The Project Gutenberg EBook of In The Far North, by Louis Becke
This eBook is for the use of anyone anywhere at no cost and with
almost no restrictions whatsoever. You may copy it, give it away or
re-use it under the terms of the Project Gutenberg License included
with this eBook or online at www.gutenberg.org
Title: In The Far North
1901
Author: Louis Becke
Release Date: April 12, 2008 [EBook #25059]
Language: English
Character set encoding: ASCII
*** START OF THIS PROJECT GUTENBERG EBOOK IN THE FAR NORTH ***
Produced by David Widger
IN THE FAR NORTH
From "The Tapu Of Banderah and Other Stories"
By Louis Becke
C. Arthur Pearson Ltd.
1901
"Out on the wastes of the Never Never--
That's where the dead men lie!
There where the heat-waves dance for ever--
That's where the dead men lie!"
(Barcroft Boake,
in the Sydney Bulletin.)
I
Jack Barrington, nominal owner of Tinandra Downs cattle station on the
Gilbert River in the far north of North Queensland, was riding slowly
over his run, when, as the fierce rays of a blazing sun, set in a sky of
brass, smote upon his head and shoulders and his labouring stock-horse
plodded wearily homewards over the spongy, sandy soil, the lines
of Barcroft Boake came to his mind, and, after he had repeated them
mentally, he cursed aloud.
"_That's where the dead men lie!_ Poor Boake must have thought of this
God-forsaken part of an utterly God-forsaken country, I think, when he
wrote 'Out where the Dead Men Lie.' For I believe that God Almighty has
forgotten it! Oh for rain, rain, rain!
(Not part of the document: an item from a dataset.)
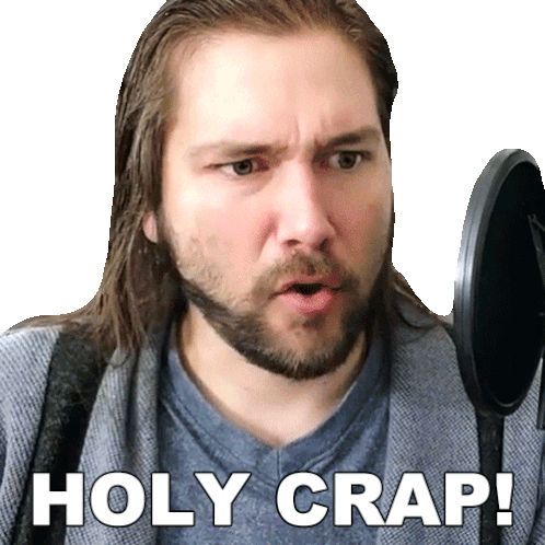 Michael Kupris reacts with a surprised expression, accompanied by the text 'HOLY CRAP!' and a microphone.
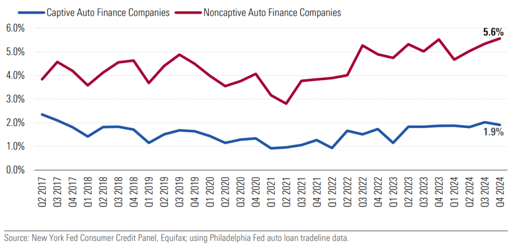 Captive lenders, or automakers’ in-house financing arms, generally attract higher-credit car buyers, sometimes with introductory APR offers. And yet, the delinquency rates on loans from this lender type remain stubbornly high as compared to pre-COVID-19 figures.

Rain to send the Gilbert down
in a howling yellow flood, and turn this blarsted spinifex waste of
scorching sand and desolation into green grass--and save me and the
youngsters from giving it best, and going under altogether.... Boake
knew this cursed country well.... I wonder if he ever 'owned' a
station--one with a raging drought, a thundering mortgage, and a
worrying and greedy bank sooling him on to commit suicide, or else
provide rain as side issues.... I don't suppose he had a wife and
children to leave to the mercy of the Australian Pastoralists' Bank.
D----n and curse the Australian Pastoralists' Bank, and the drought, and
this scorching sand and hateful spinifex--and God help the poor cattle!"